DATASET CONTENT:

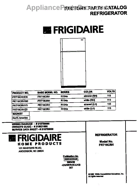 Parts for Frigidaire FRT16CRHD0: 01 - Cover Parts
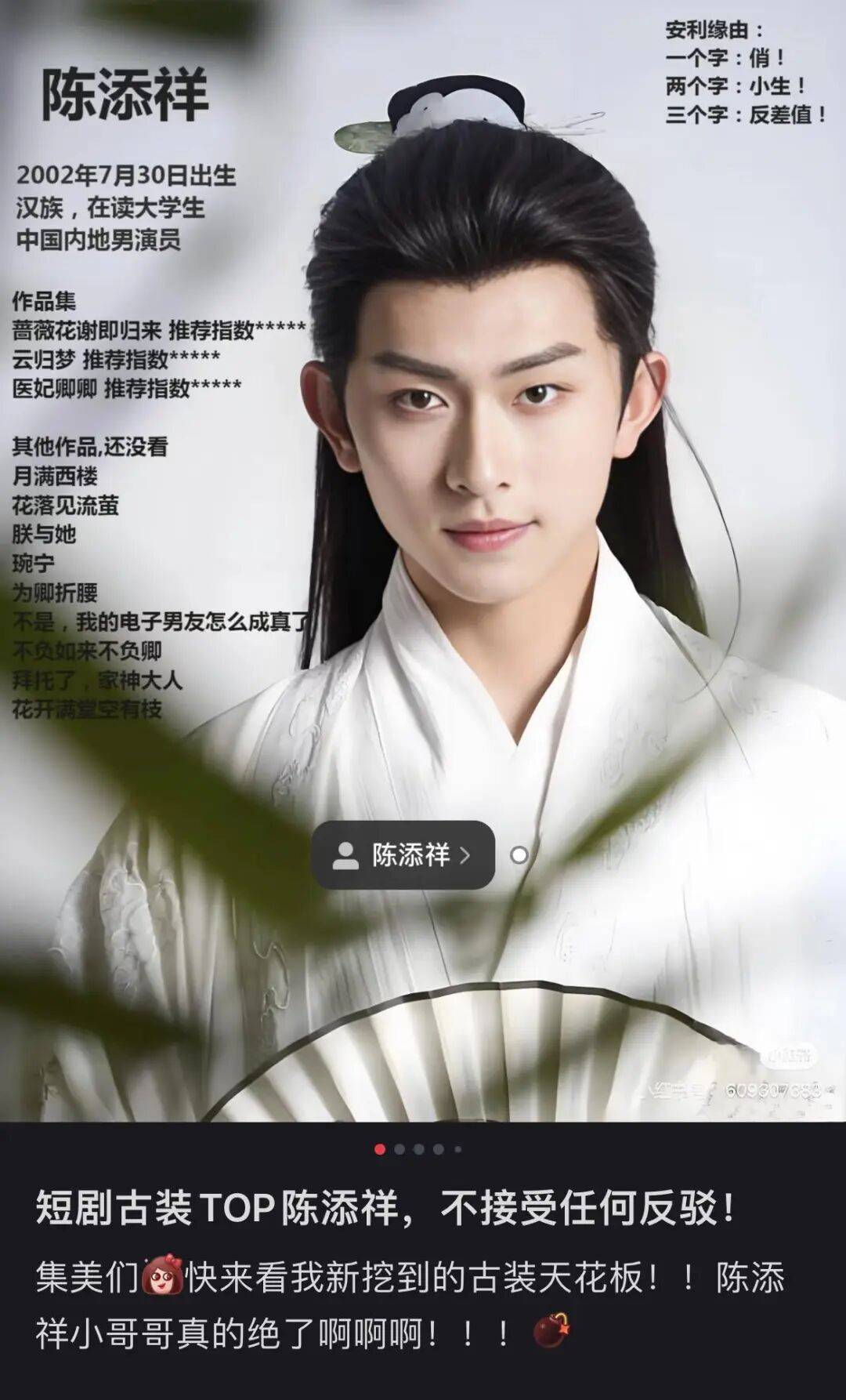 凡酷文化的签约演员里,陈添祥是今年人气增长势头最猛的短剧男演员之一,他和岳雨婷三搭主演的《月满西楼》《蔷薇花谢即归来》《双面权臣暗恋我》,让男女主都成了短剧头部,其白发造型在短视频出圈,到目前红果粉丝数已突破120w。
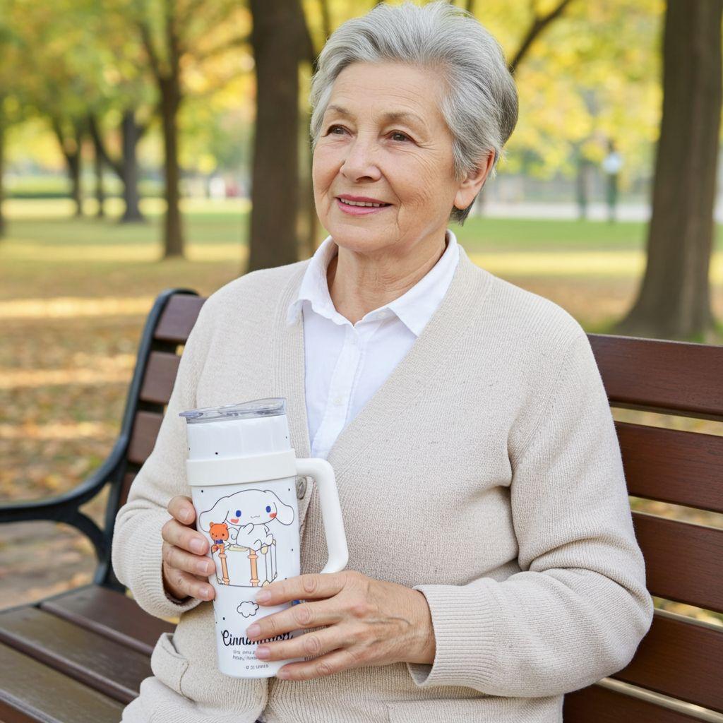 Cinnamoroll Tumbler with Handle – Sanrio Travel Mug with Lid (White)

GOAL OF THE EXERCISE:
Give back the whole listing exactly as it stands. No pictures belong in the copy.

ANSWER TO THE PROBLEM:
 Parts for Frigidaire FRT16CRHD0: 01 - Cover Parts
 凡酷文化的签约演员里,陈添祥是今年人气增长势头最猛的短剧男演员之一,他和岳雨婷三搭主演的《月满西楼》《蔷薇花谢即归来》《双面权臣暗恋我》,让男女主都成了短剧头部,其白发造型在短视频出圈,到目前红果粉丝数已突破120w。
 Cinnamoroll Tumbler with Handle – Sanrio Travel Mug with Lid (White)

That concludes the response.